- _Task goal_:
Find "Conductivity of TMS", then copy its line and every later line of the entries exactly through the end, leaving all pictures out.

BEGIN Records for processing

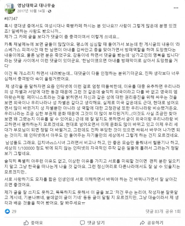 글 내용은 뭐 내 알빠 아니다. 근데 이거 하나만 말하고싶다.
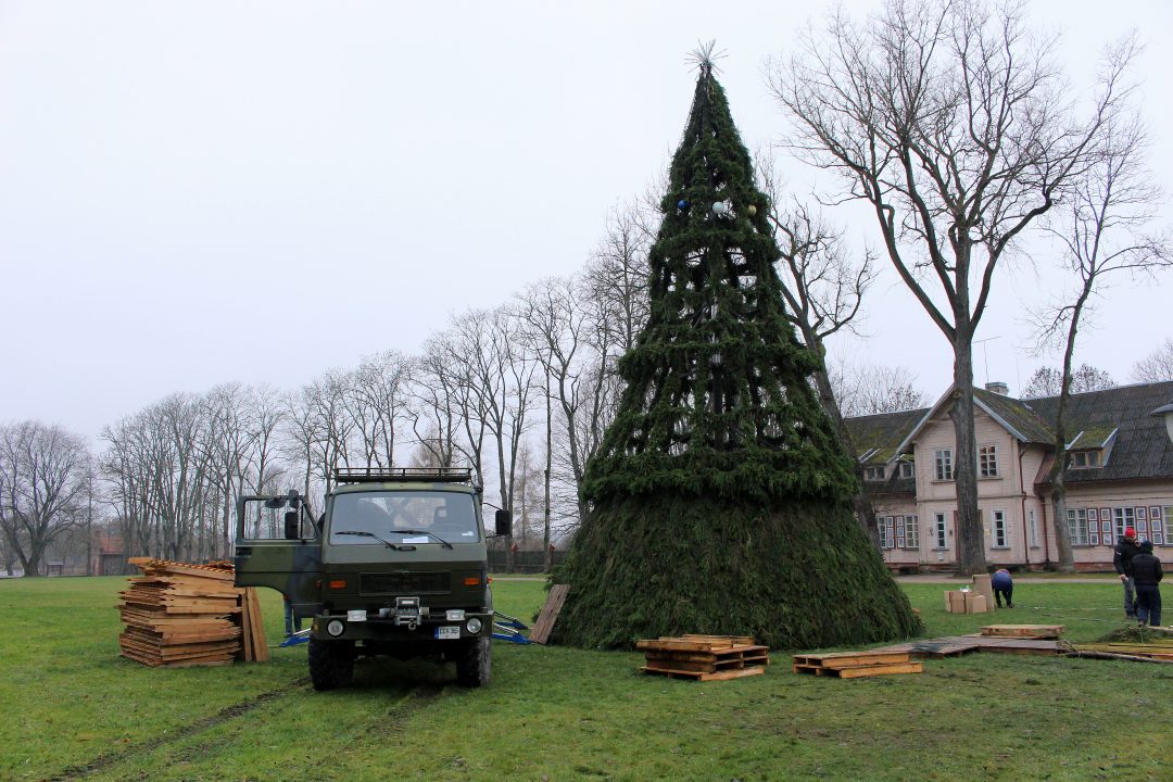 Vakar paskutinius eglės gražinimo akcentus dėliojo Rokiškio menininkai. Jie šiais metais metalinį karkasą apvilko natūraliais rūbais – eglių šakomis. Prie dvaro darbavosi šviesų ir garso specialistai, kurių pagalba rezidencijos atidarymas taps itin garsus ir spalvingas.
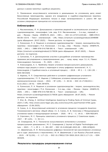 7. Wei, B., Zheng, Z. Artificial Intelligence Assisting to Finding Facts of Criminal Cases, 2024 // URL: http://www.socio-legal.sjtu.edu.cn/en/wxzy/info.aspx?itemid=4706 (дата обращения: 15.06.2025).
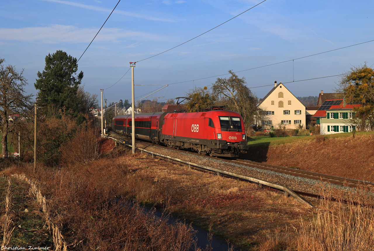 1144 269 steht mit dem D 665 Bregenz - Innsbruck Hbf zur Abfahrt bereitDas letzte Foto vom Railjet entstand wenige Tage später an der bekannten Stelle in Enzisweiler, als nicht nur die Garnitur gedreht war, sondern auch mal wieder ein roter Taurus den Zug bespannte:
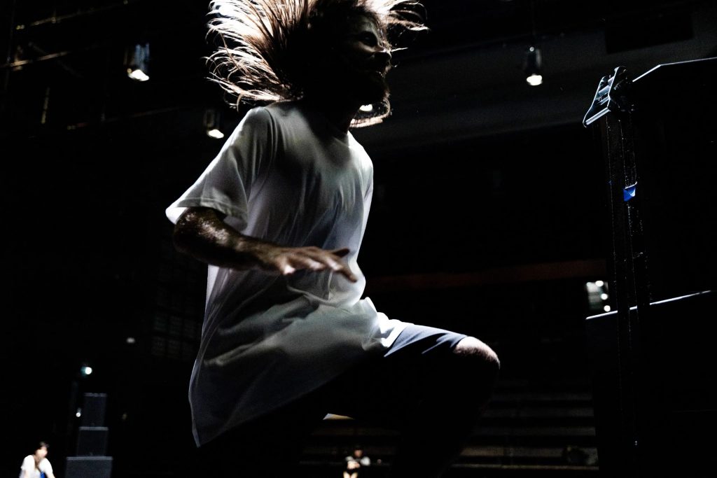 De la danse à la transe il n’y a que deux lettres d’écart. Ce qui les différencie réside dans leur entame, ce qui les rassemble brille dans leur final. La transe comme dépassement de la danse en quelque sorte. Ou encore : la transe comme continuation de la danse par d’autres moyens, ceux de l’esprit. Ametonyo Silva es notre sorcier chaman. Tee-shirt blanc, short, basket, cheveux mi-longs en bataille, il nous accueille déjà bondissant. L’entrée du public est celle du garage de la Ménagerie de verre, les décibels et le fumigène de discothèque nous mettent directement dans l’ambiance d’une fin de soirée avec sa longue queue qui s’allonge sur le trottoir. La proposition d’Ametonyo Silva, qu’il présente avec humilité comme une recherche chorégraphique, nous situe dans un autre rapport spectaculaire. Est-ce d’ailleurs encore un spectacle ? ne serait-ce pas plutôt une expérimentation, un processus, une métamorphose de l’acte spectaculaire proprement dit ? ne serait-ce pas également une invitation à détourner notre regard vorace de spectateur-consommateur pour entrer dans une relation inédite, sensible, sensorielle, ouvrant le champ de la réception à l’entièreté physique et invisible de notre environnement ?
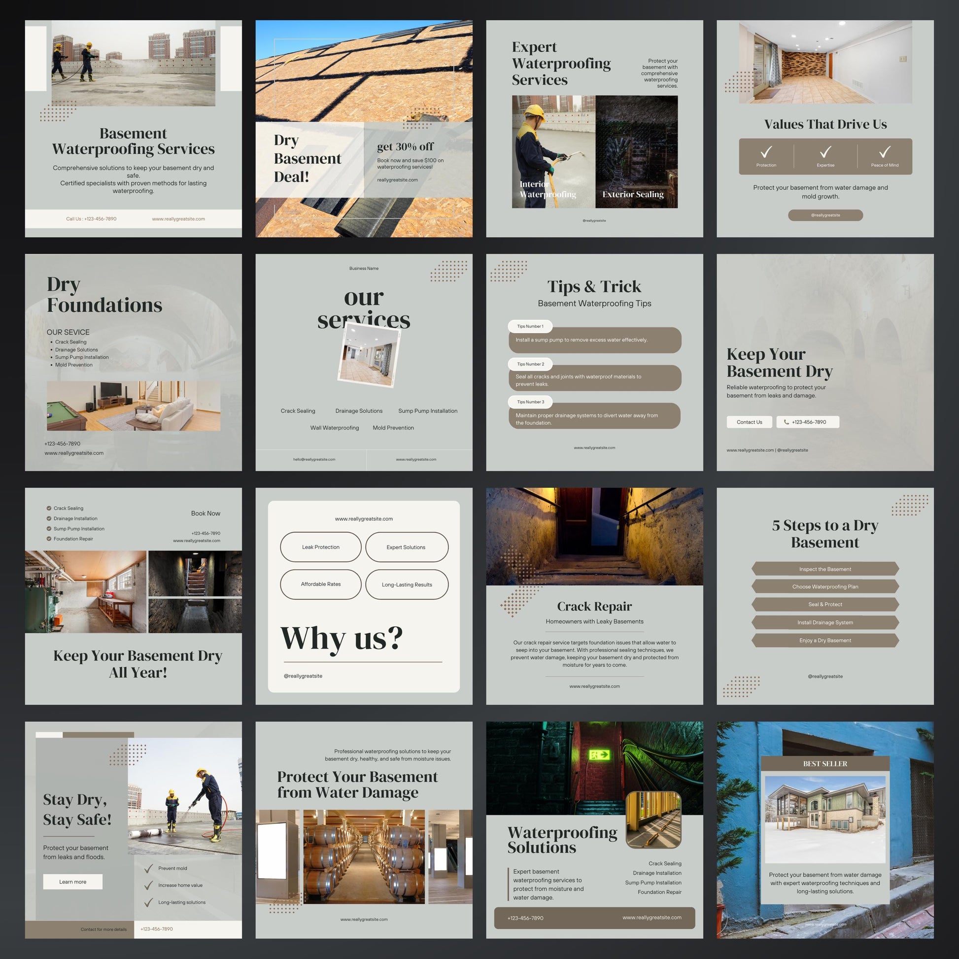 Basement Waterproofing Canva Templates | Editable Instagram Posts for Waterproofing Services
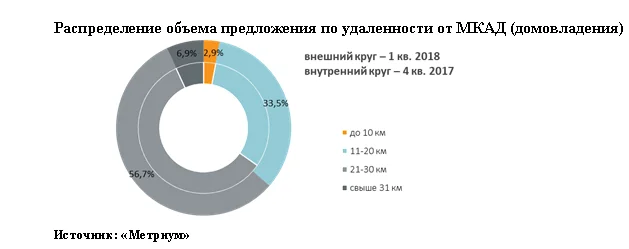 Превалирующий объем предложения на первичном рынке загородной недвижимости сосредоточен в поясе удаленности 21-30 км от МКАД (56,7%; -1,7 п.п.), отмечают эксперты. Треть выборки (33,5%; +1,8 п.п.) приходится на домовладения, расположенные в пределах 11-20 км от МКАД. Поселки, находящиеся на расстоянии 31-35 км и до 10 км от МКАД, занимают 6,9% (0,0 п.п.) и 2,9% (-0,1 п.п.) соответственно.
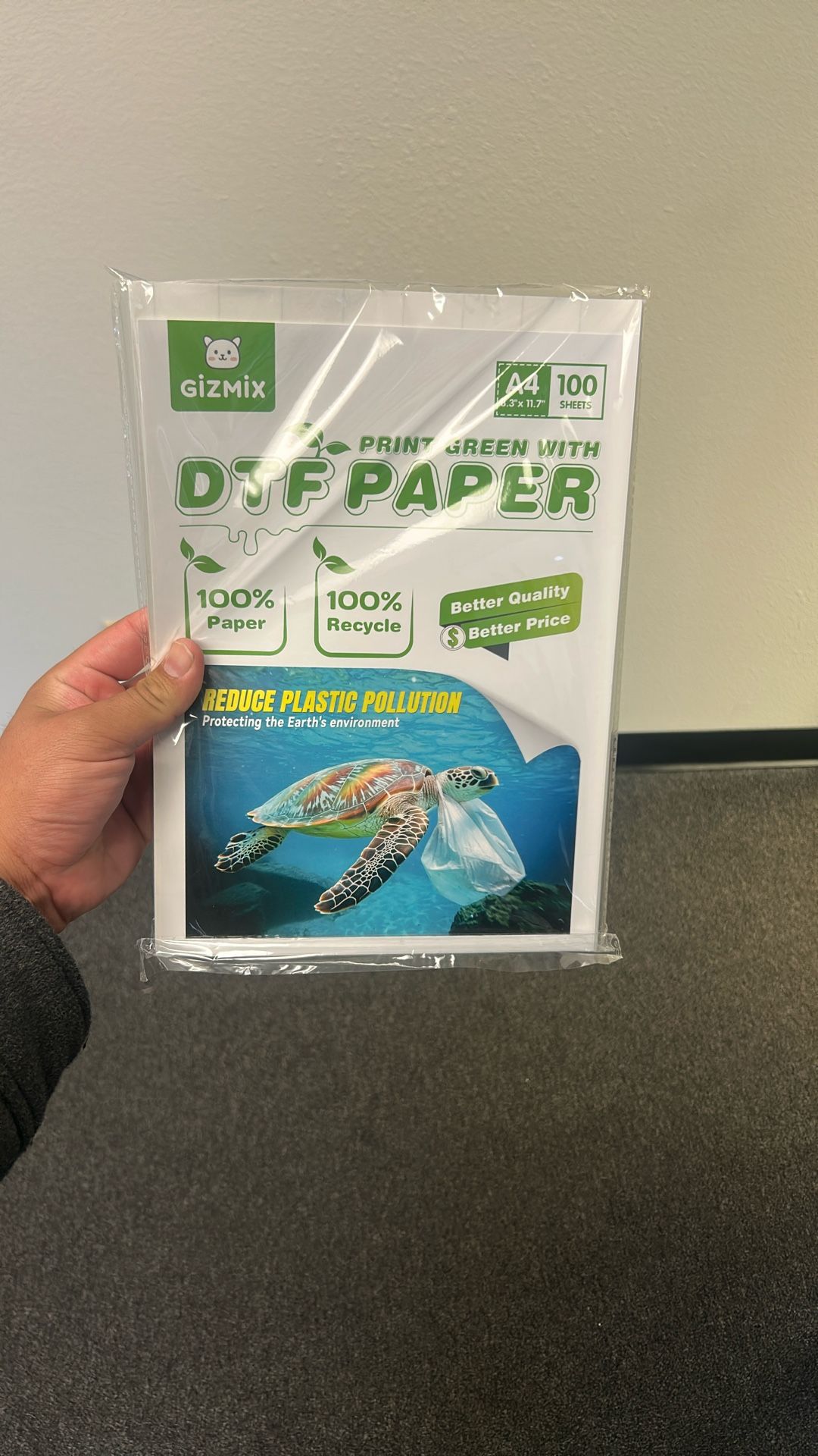 Material: 100% Recyclable Paper Color: White Sizes: A4 (8.3"×11.7"), A3 (11.7"×16.5") Transfer Type: Cool Peel Printer Compatibility: All DTF Printers (Epson-based, XP-600, L1800, i3200) Heat Press Settings: 302°F (150°C), 8–10 seconds Curing Temp: 275–284°F (135–140°C) Fabric Compatibility: Cotton, Polyester, Blends, Canvas Eco Benefit: 100% paper-based, no plastic film
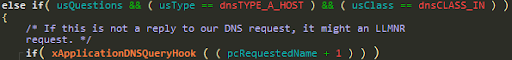 The same function (ulDNSHandlePacket) is used to parse both DNS and LLMNR queriesreplies.
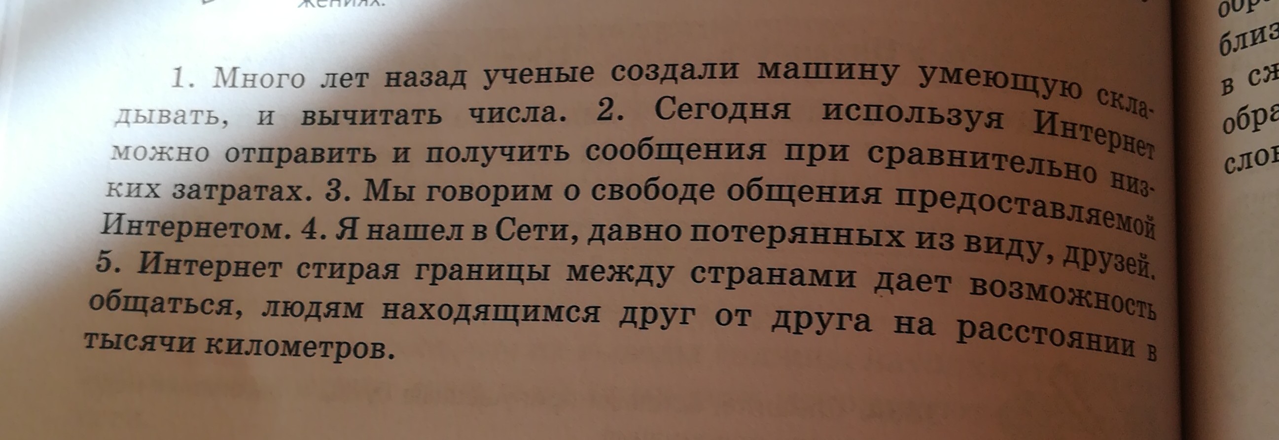 1. Много лет назад учёные создали машину, умеющую складывать и вычитать числа. 2. Сегодня, используя Интернет, можно отправить и получить сообщения при сравнительно низких затратах. 3. Мы говорим о свободе общения, предоставляемой Интернетом. 4. Я нашел в Сети давно потерянных из виду друзей. 5. Интернет, стирая границы между странами, даёт возможность общаться людям, находящимся друг от друга на расстоянии в тысячи километров.
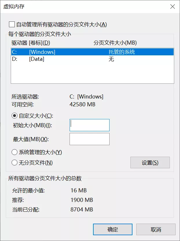 有个技术流的方法推荐给机友们——设置虚拟内存。通俗点讲,就是内存放不下的临时文件在硬盘中分割出来一部分空间存储。设置方法如图:
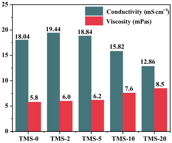 Conductivity of TMS electrolytes with different compositions and electrolyte viscosity with different TMS contents.
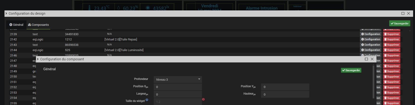 Mais je viens de me rendre compte également que Jeedom (?) réinitialise à 0 certaines valeurs de tuiles : position x et y, hauteur et largeur :
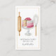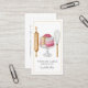 Ce mignon et fantaisiste pâtissier pâtissier de la boulangerie à l'aquarelle, carte de visite, dispose d'outils de boulangerie, épingle à rouler, fouet et un glorieux gâteau rose et blanc au milieu. Des outils simples du métier ! Votre nom signature dans la typographie de script et le nom de votre entreprise, avec le slogan : fait avec amour.
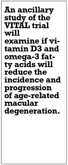 • VITAL trial of vitamin D3 or omega-3 fatty acids in AMD. VITAL stands for VITamin D and OmegA-3 TriaL, which is an ongoing RCT evaluating these two daily dietary supplements and the risk of developing cancer, heart disease and stroke without prior history (NCT01169259).13
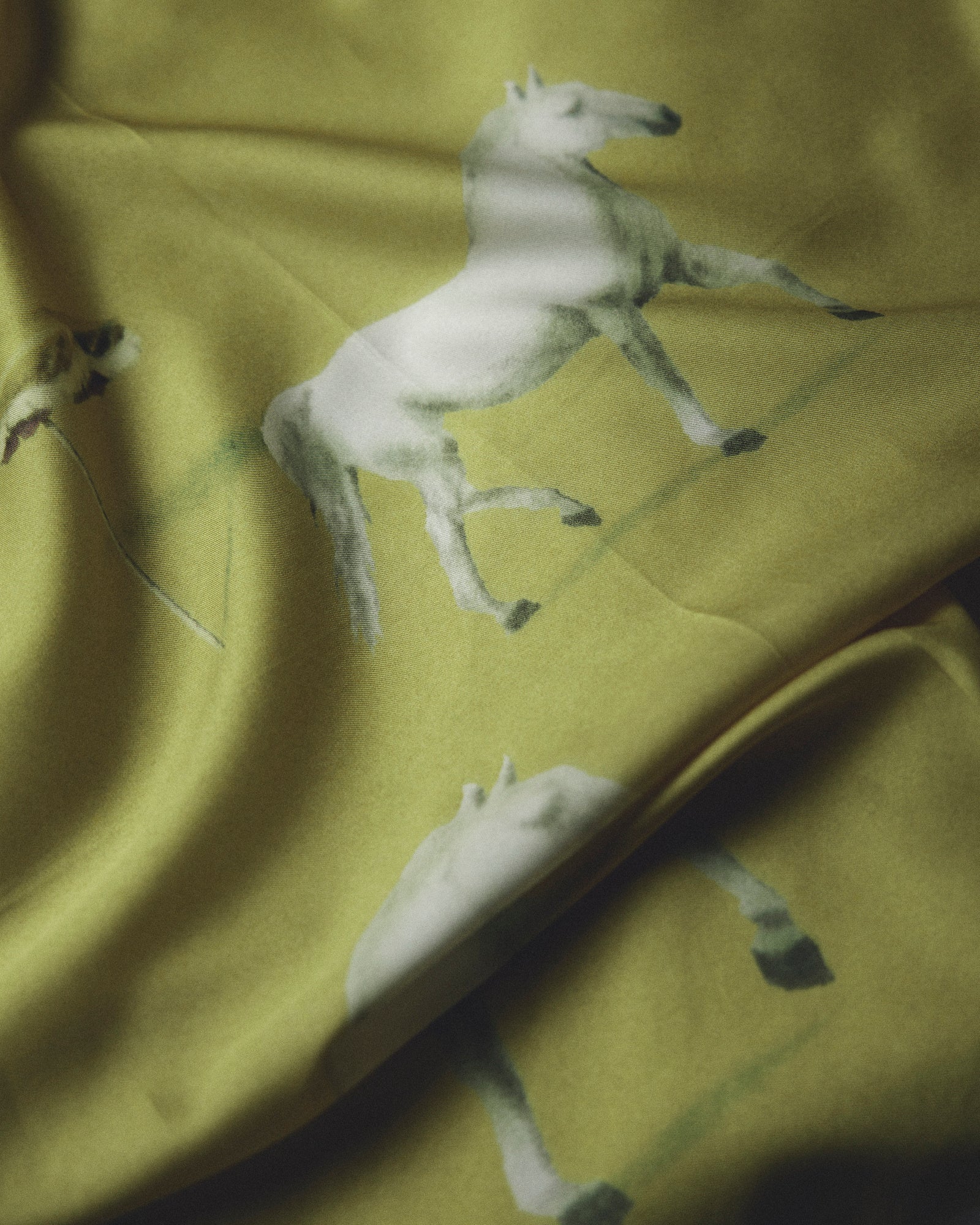 思い出の香るスカーフは、映像的絵画を目指し、時間・映写・記憶をテーマにした制作を続けるアーティストの加藤崇亮氏に制作をデザインを依頼。

END Records for processing

- _Reply to the exercise_:
 Conductivity of TMS electrolytes with different compositions and electrolyte viscosity with different TMS contents.
 Mais je viens de me rendre compte également que Jeedom (?) réinitialise à 0 certaines valeurs de tuiles : position x et y, hauteur et largeur :
 Ce mignon et fantaisiste pâtissier pâtissier de la boulangerie à l'aquarelle, carte de visite, dispose d'outils de boulangerie, épingle à rouler, fouet et un glorieux gâteau rose et blanc au milieu. Des outils simples du métier ! Votre nom signature dans la typographie de script et le nom de votre entreprise, avec le slogan : fait avec amour.
 • VITAL trial of vitamin D3 or omega-3 fatty acids in AMD. VITAL stands for VITamin D and OmegA-3 TriaL, which is an ongoing RCT evaluating these two daily dietary supplements and the risk of developing cancer, heart disease and stroke without prior history (NCT01169259).13
 思い出の香るスカーフは、映像的絵画を目指し、時間・映写・記憶をテーマにした制作を続けるアーティストの加藤崇亮氏に制作をデザインを依頼。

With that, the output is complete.